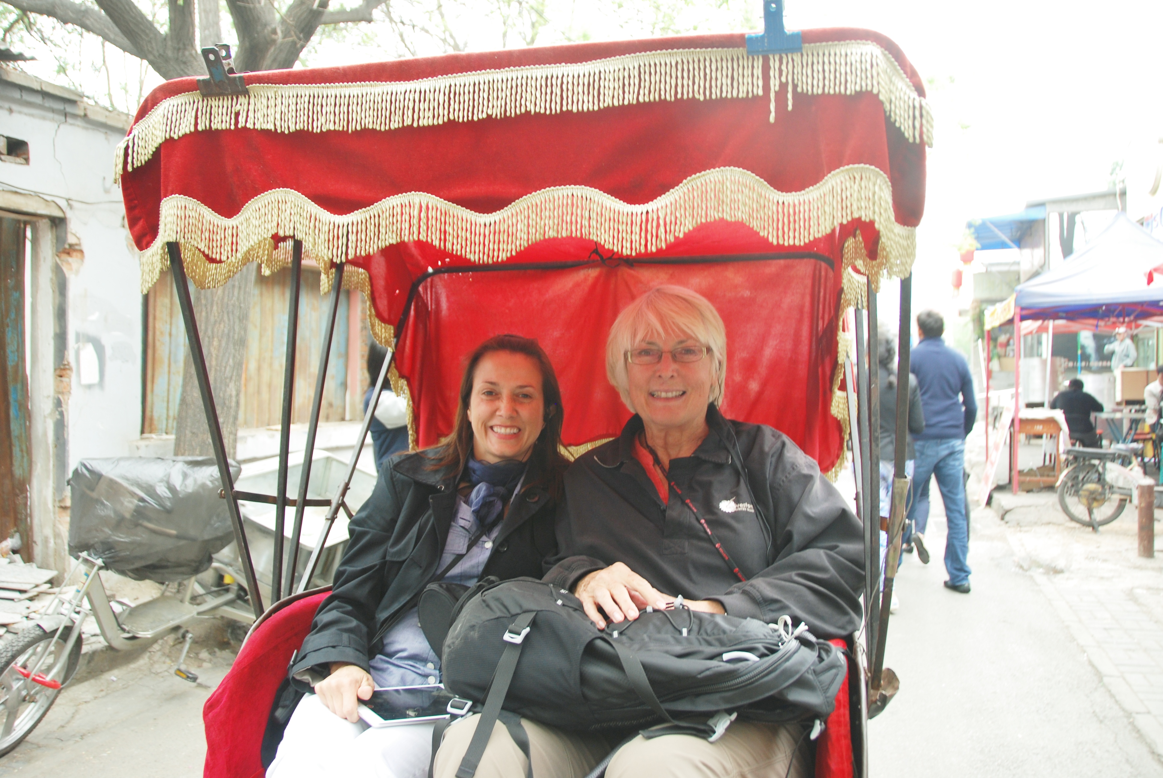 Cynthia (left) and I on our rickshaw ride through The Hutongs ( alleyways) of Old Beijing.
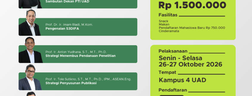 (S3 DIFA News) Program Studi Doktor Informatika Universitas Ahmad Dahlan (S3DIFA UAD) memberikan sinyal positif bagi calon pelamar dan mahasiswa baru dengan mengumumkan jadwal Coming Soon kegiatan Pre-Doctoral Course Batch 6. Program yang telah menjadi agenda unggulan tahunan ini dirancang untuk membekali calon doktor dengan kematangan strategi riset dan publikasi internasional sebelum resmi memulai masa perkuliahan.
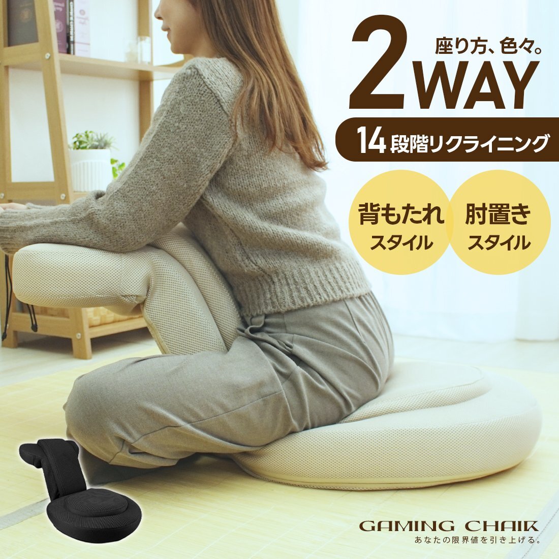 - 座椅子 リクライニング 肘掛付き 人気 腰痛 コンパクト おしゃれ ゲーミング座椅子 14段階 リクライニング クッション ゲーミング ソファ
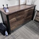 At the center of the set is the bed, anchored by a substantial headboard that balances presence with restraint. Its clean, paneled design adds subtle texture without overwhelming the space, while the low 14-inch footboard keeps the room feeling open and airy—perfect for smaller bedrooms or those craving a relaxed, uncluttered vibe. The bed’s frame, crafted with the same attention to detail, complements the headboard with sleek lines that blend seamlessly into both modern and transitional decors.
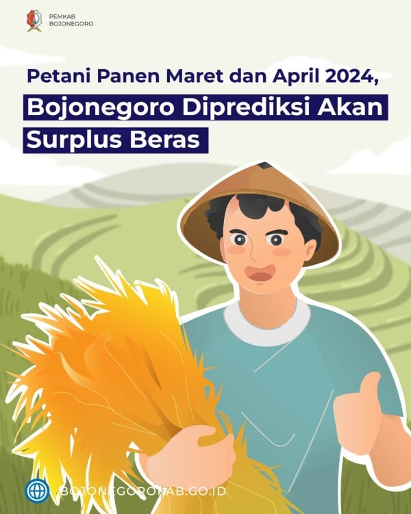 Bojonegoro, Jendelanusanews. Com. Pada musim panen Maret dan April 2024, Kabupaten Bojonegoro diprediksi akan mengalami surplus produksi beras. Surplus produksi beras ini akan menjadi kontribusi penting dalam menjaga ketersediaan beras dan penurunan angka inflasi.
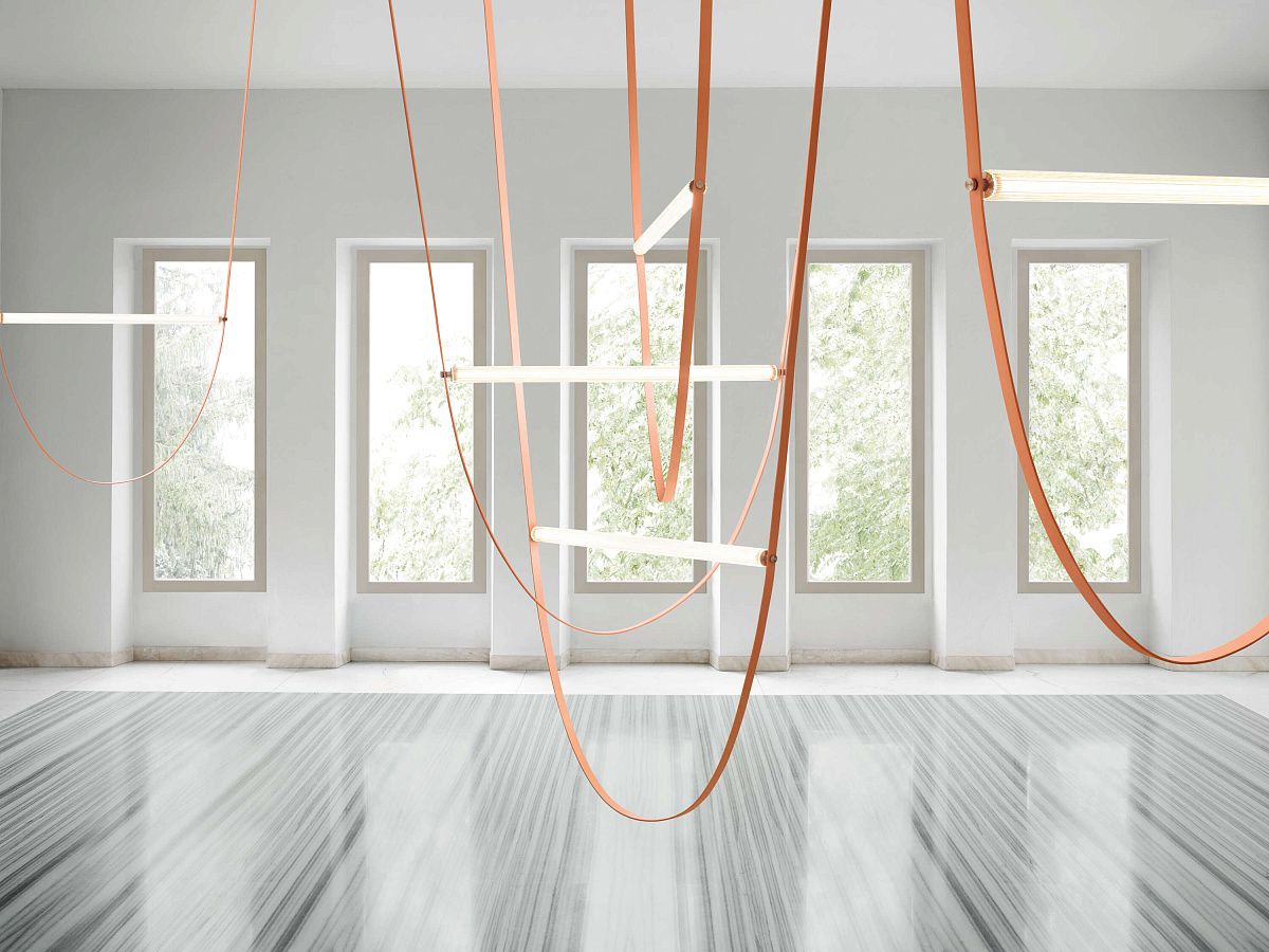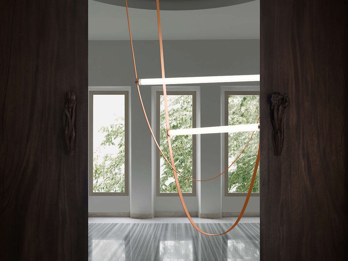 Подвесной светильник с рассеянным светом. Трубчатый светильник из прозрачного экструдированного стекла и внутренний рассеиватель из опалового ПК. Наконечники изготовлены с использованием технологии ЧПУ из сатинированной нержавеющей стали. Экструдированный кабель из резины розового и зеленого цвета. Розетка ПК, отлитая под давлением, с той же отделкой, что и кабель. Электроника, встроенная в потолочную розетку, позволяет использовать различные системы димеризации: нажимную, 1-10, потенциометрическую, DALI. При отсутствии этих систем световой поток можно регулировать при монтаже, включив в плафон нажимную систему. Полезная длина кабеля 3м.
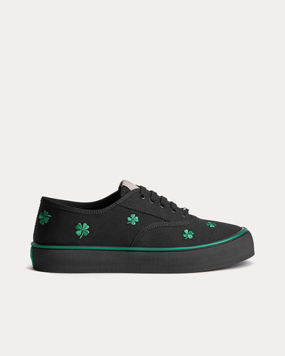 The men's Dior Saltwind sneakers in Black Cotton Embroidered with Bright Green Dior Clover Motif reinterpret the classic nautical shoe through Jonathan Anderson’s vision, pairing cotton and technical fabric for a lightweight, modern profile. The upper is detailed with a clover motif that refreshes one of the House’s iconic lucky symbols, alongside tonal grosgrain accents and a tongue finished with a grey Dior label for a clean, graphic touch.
·····
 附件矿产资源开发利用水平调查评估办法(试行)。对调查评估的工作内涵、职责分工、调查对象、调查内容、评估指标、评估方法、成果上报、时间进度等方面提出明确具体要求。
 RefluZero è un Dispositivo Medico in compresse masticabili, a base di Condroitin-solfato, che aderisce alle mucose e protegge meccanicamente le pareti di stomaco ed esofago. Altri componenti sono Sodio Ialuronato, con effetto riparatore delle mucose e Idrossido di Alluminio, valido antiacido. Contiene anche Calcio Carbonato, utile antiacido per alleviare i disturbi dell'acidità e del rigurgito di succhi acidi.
·····
» **Required work**
Return word for word the lines of the listing above, starting at the line with "Cynthia (left) and" and ending at the line with "- 座椅子 リクライニング", both included. Pictures do not belong in the copy.

» **Exercise result**
 Cynthia (left) and I on our rickshaw ride through The Hutongs ( alleyways) of Old Beijing.
 (S3 DIFA News) Program Studi Doktor Informatika Universitas Ahmad Dahlan (S3DIFA UAD) memberikan sinyal positif bagi calon pelamar dan mahasiswa baru dengan mengumumkan jadwal Coming Soon kegiatan Pre-Doctoral Course Batch 6. Program yang telah menjadi agenda unggulan tahunan ini dirancang untuk membekali calon doktor dengan kematangan strategi riset dan publikasi internasional sebelum resmi memulai masa perkuliahan.
 - 座椅子 リクライニング 肘掛付き 人気 腰痛 コンパクト おしゃれ ゲーミング座椅子 14段階 リクライニング クッション ゲーミング ソファ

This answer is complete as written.